= Saint Augustine Blues =

Flag of the Saint Augustine Blues

The Saint Augustine Blues, also known as the Independent Blues, were a militia unit that fought for the Confederacy during the American Civil War. After serving in the local community, the unit was eventually organized into the Third Florida Infantry where it fought in several engagements including the campaigns of the Army of Tennessee.

==Demographics==
Some members of the Saint Augustine Blues were of Menorcan descent as well a smaller group of Italians and Greeks. The average age of the company at mustering was 24 years old, with 16 of its members being under the age of 17. Some former members of the Blues as well as other Confederate veterans are buried in the Tolomato Cemetery a historic Catholic cemetery in Saint Augustine.

According to records, there were 3-4 black or mixed-race freemen who served in the unit as musicians. This was unusual, if not unique, for a Confederate fighting unit.

==Service history==
On May 12, 1860, as political instability increased throughout the United States, a group of about 70 citizens from St. Augustine, Florida met in the town's city hall to discuss formation of the unit.

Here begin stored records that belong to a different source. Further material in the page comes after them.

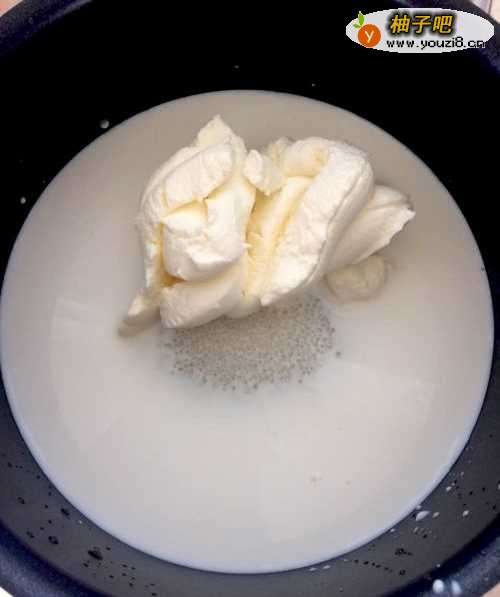 4剩余的牛奶倒进牛奶锅,并加入淡奶油和砂糖,加热;
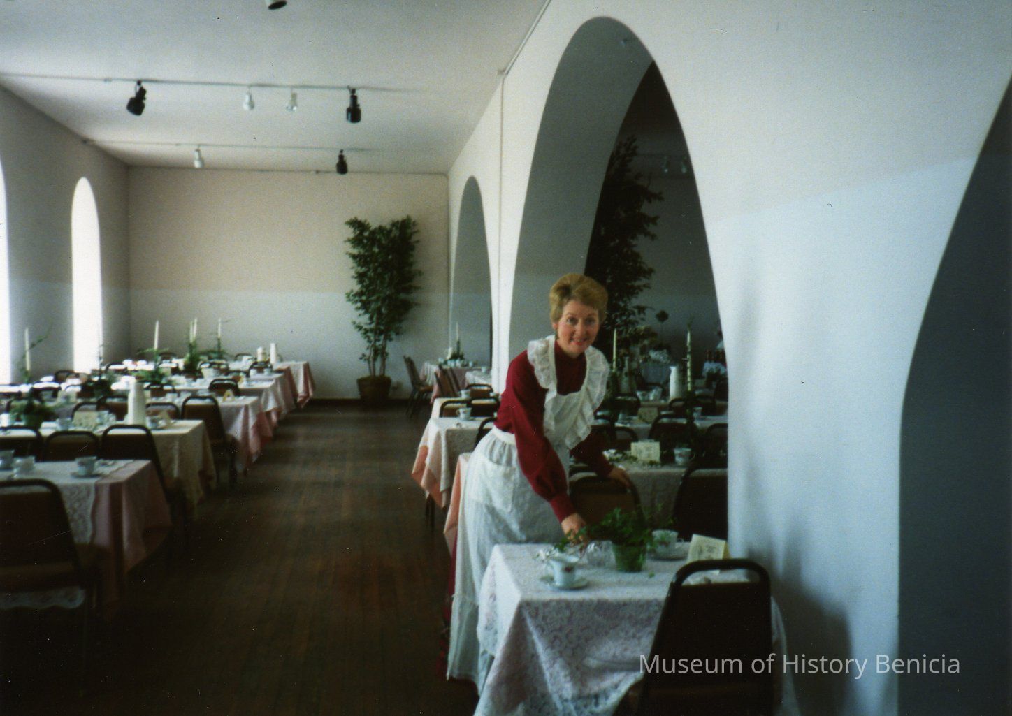 color photo of Kate McNamara (per back of photo) arranging a table prior to the start of the teaCollection
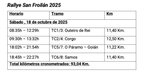 La prueba lucense arrancará este viernes con las verificaciones técnicas y la ceremonia de salida, mientras que la acción en los tramos se disputará íntegramente durante la jornada del sábado, con cuatro especiales a doble pasada para completar casi 450 kilómetros totales, de los cuales algo más de 90 serán cronometrados.
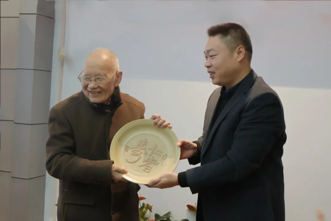 紧接着,大家为韦苇教授送上鲜花与生日蛋糕,共唱生日歌,并送上最真挚的祝福。吴洪涛代表浙江师范大学以婺州窑作为礼物赠予韦苇教授,开幕式圆满结束。
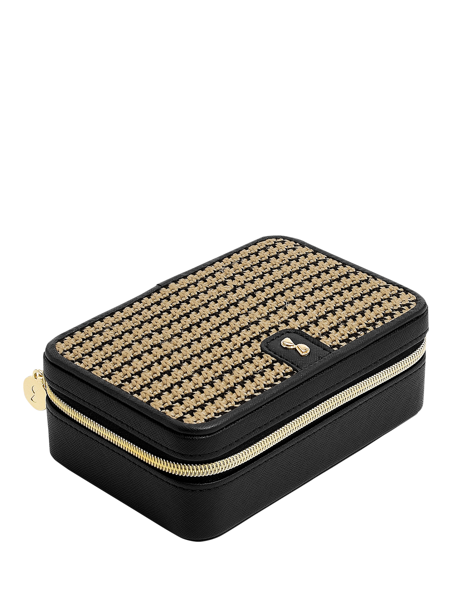 StackersLuxury Travel Raffia Jewellery Box, Black Raffia
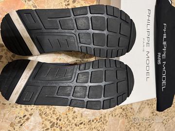 Vendo scarpe Philippe Model n 43( vanno bene per piedi da 27cm oppure per chi calza 44 scarpe da ginnastica) , scarpe usate un paio di volte se notate le suole non sono consumate, li vendo per inutilizzo ! Prezzo 110 come nuovo

Like other cities in the south, many residents of St. Augustine came to favor disunion following the election of Abraham Lincoln. Some citizens issued a declaration calling for no compromise with the north and St. Augustine Examiner applauded the delegates from Florida who were sent to the secession convention by stating: "all who engage in it are exercising their rights as FREEMEN and INDEPENDENT citizens. We are FREEMEN, the government has once admitted that we were, now should we submit to those who say we are not?"

Officers were elected including the captain, a prominent town official named John Lott Philips. Philips was born on the island of Saint Helena, and had met General Napoleon Bonaparte. Philips was also a veteran of the Second Seminole War, during which he commanded a unit that included future pro-slavery Florida senator David Yulee.

During a mustering in November 1860, the unit was described in a report as an "elegant and gallant corps" and, the following month, offered to serve as a "minute men" company for the town of St. Augustine.

Days before Florida officially seceded in early January 1861, around 125 militiamen seized Fort Marion. Members of the Blues were most likely a part of the capturing force.

In March 1861, the unit were ordered to cease their patrols around the city as there was an uptick in thefts which were, according to Mayor Rafael Canova, "attributable to the Company called the 'Blues.'"

The Blues officially entered the Confederate Army at Ft. Marion on August 5, 1861, and were designated Company B of the recently organized Third Florida Infantry.

On July 25, 1862, the Blues suffered its first casualty when, while stationed at Mobile, Alabama, Private Thomas Ponce died from an illness. Many other members of the unit suffered from sickness during the month long station at Mobile. Illnesses that afflicted the regiment included measles and mumps.

The Blues sustained heavy casualties in the Battle of Murfreesboro in Tennessee. The following year they marched to Mississippi in an effort to relieve the Siege of Vicksburg and in the fall of 1863, they fought in the battles of Chickamauga and Chattanooga. In the spring of 1865 the unit was in the Carolinas trying to slow the advance of General William Tecumseh Sherman after Sherman's 'March to the Sea'.

The Saint Augustine Blues service in the Civil War ended on April 26, 1865, one month after their participation in the Battle of Bentonville after General Joseph E. Johnston surrendered to General Sherman at Bennett Place, in Durham, North Carolina, the site of the largest surrender of Confederate soldiers, which ended the war.